Good or service produced as the result of a project

A deliverable is a tangible or intangible good or service produced as a result of a project that is intended to be delivered to a customer (either internal or external). A deliverable could be a report, a document, a software product, a server upgrade or any other building block of an overall project. A deliverable may be composed of multiple smaller deliverables. It may be either an outcome to be achieved (as in "The corporation says that becoming profitable this year is a deliverable") or an output to be provided (as in "The deliverable for the completed project consists of a special-purpose electronic device and its controlling software").

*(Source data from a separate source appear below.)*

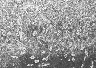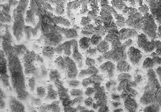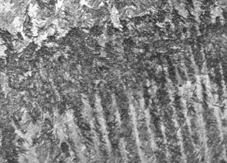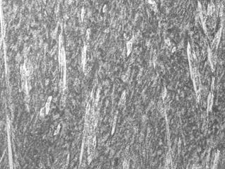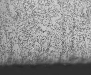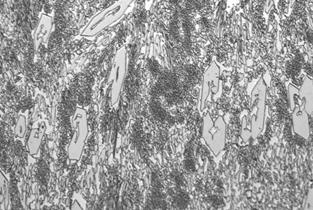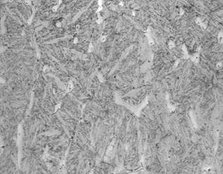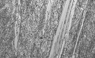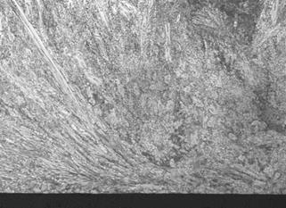 De acuerdo a la composición química encontrada en la Tabla 1 y comparando estos valores con las imágenes obtenidas por microscopia óptica y los difractogramas de las principales probetas, se encontraron las microestructuras mostradas en las Figs. 8 - 12. El material base principalmente mostró formaciones de ferrita y perlita ver Figura 9; los depósitos a partir de electrodos West Crome®, formaron altos contenidos de carburos aleados con cromo del tipo M7C3 y en matriz martensítica y austenítica, fig. 8, los electrodos West Hard 30® generaron depósitos de martensita, bainita, ferrita y carburos aleados con cromo finos en su mayoría, ver Figura 10; los recubrimientos obtenidos a partir de electrodos West Hard 400® debido a su alto contenido de manganeso produjeron depósitos de austenita, ver fig. 12; los electrodos West Hard 65® generaron depósitos compuestos de martensita con carburos de cromo finos, ver Fig. 11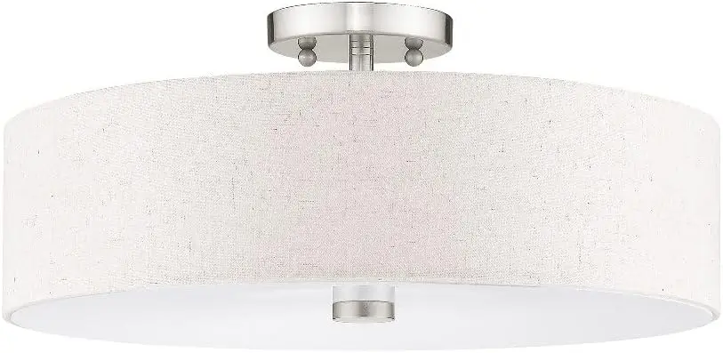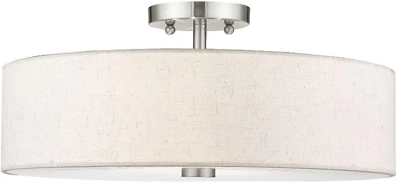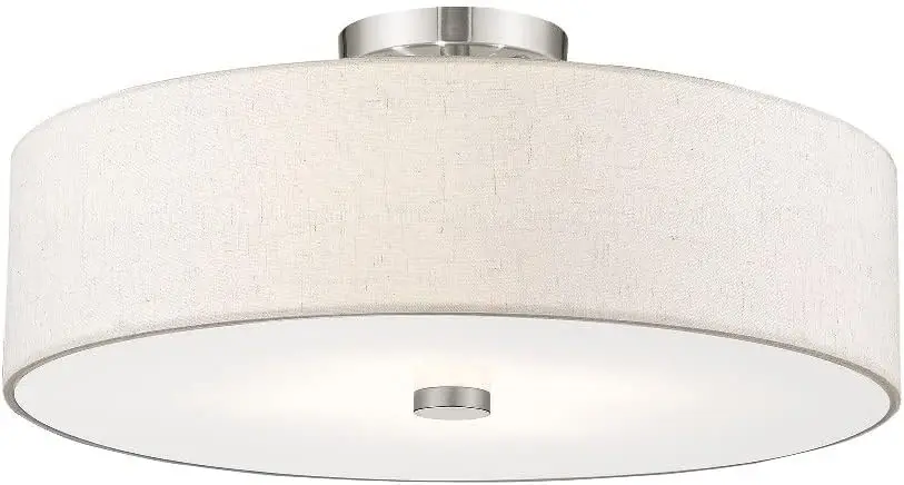 Lighting 52136-92 Meridian Collection 4-Light Transitional Ceiling Mount Fixture with Oatmeal Color Fabric Hardback Shade, Engli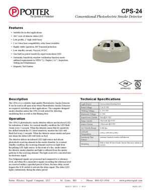 Datasheet for the Potter CPS-24, published in 2019. Document No: 8830137, Rev: C. 4 models including CPS-24, PS-24, PS-24H and 1 additional variants. Engineering specifications, wiring diagrams, and mounting dimensions.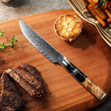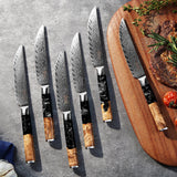 The Black Tsunami Damascus Steak Knives are individually forged from 67-layer Japanese VG10 Damascus Steel for unparalleled hardiness and durability, and have a beautiful, natural Damascus wave pattern.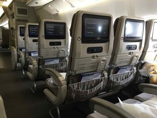 I wasn't sure my 'empty row' would be so empty on my flight to Los Angeles, so I checked with the gate agent. She was surprisingly friendly and showed me the seat map on her phone. While 'my row' had filled up, there was one further back that still showed four seats, which is where I would be now.

Some deliverables are dependent on other deliverables being completed first; this is common in projects with multiple successive milestones. In this way many time-savings are possible, shortening greatly the whole project final supply term. This designing activity can be represented in the drawings with a "cloud" around a not yet designed part which means: "this part (size, or other characteristics) will be studied later". The part settled can be "delivered" to the interested parties.

A deliverable differs from a project milestone in that a milestone is a measurement of progress toward an output, whereas the deliverable is the output delivered to a customer or sponsor. For a typical project, a milestone might be the completion of a product design, while the deliverable might be the technical diagram or detailed design report of the product.

In technical projects, deliverables can be further classified as hardware, software, or design documents. In contracted efforts, deliverable may refer to an item specifically required by contract documents, such as an item on a contract data requirements list or mentioned in the statement of work.